----- EXTRACTED INFORMATION -----
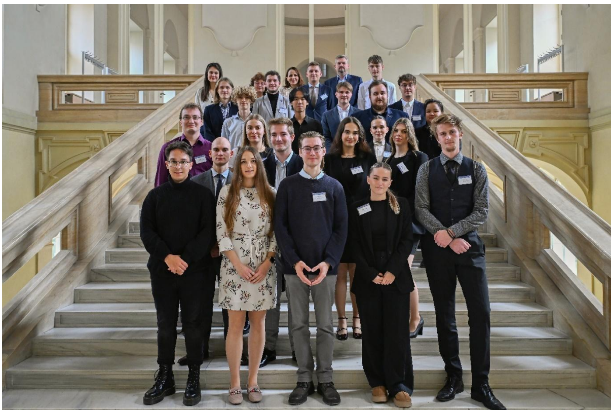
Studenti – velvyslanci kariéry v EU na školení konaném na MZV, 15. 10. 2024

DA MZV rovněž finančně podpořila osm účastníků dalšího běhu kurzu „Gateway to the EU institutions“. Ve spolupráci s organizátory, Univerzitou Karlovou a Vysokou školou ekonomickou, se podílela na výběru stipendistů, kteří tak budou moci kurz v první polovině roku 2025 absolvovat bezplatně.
-----
----- EXTRACTED INFORMATION -----
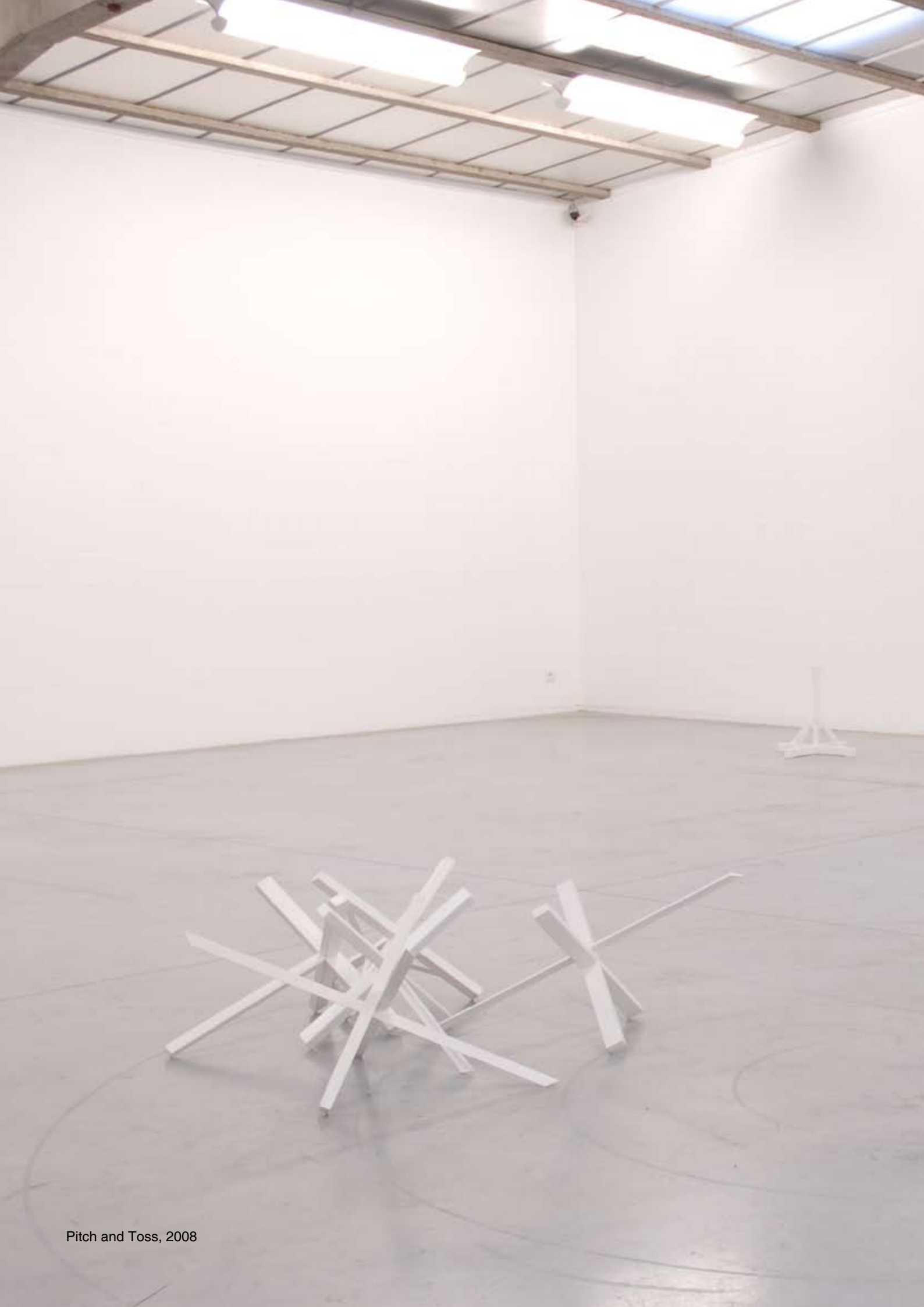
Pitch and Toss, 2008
-----
▶ [BRIEF]
Only one stretch of the records above is wanted: the lines between the one holding "Studenti – velvyslanci" and the one holding "DA MZV rovněž", inclusive, reproduced exactly.

▶ [FINAL ANSWER]
Studenti – velvyslanci kariéry v EU na školení konaném na MZV, 15. 10. 2024

DA MZV rovněž finančně podpořila osm účastníků dalšího běhu kurzu „Gateway to the EU institutions“. Ve spolupráci s organizátory, Univerzitou Karlovou a Vysokou školou ekonomickou, se podílela na výběru stipendistů, kteří tak budou moci kurz v první polovině roku 2025 absolvovat bezplatně.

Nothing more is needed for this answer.